### What needs to be done
Set out exactly, line by line, the stretch of data below that begins at the line containing "CHP Kayseri Milletvekili" and ends at the line containing "пионовидная роза стабилизированная", with both ends kept.

### Dataset records
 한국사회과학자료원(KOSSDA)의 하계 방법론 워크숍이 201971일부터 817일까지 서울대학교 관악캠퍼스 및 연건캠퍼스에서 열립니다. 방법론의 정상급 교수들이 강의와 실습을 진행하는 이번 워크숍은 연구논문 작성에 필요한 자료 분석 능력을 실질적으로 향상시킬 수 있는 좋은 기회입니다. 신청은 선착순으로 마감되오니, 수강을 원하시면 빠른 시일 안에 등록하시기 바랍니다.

--

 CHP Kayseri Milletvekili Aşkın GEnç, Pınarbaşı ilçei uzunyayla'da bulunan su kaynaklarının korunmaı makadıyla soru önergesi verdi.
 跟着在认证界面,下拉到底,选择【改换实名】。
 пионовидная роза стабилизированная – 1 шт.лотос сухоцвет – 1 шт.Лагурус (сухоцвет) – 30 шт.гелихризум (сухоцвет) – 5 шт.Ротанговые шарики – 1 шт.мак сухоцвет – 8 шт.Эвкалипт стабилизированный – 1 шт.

### Task output
 CHP Kayseri Milletvekili Aşkın GEnç, Pınarbaşı ilçei uzunyayla'da bulunan su kaynaklarının korunmaı makadıyla soru önergesi verdi.
 跟着在认证界面,下拉到底,选择【改换实名】。
 пионовидная роза стабилизированная – 1 шт.лотос сухоцвет – 1 шт.Лагурус (сухоцвет) – 30 шт.гелихризум (сухоцвет) – 5 шт.Ротанговые шарики – 1 шт.мак сухоцвет – 8 шт.Эвкалипт стабилизированный – 1 шт.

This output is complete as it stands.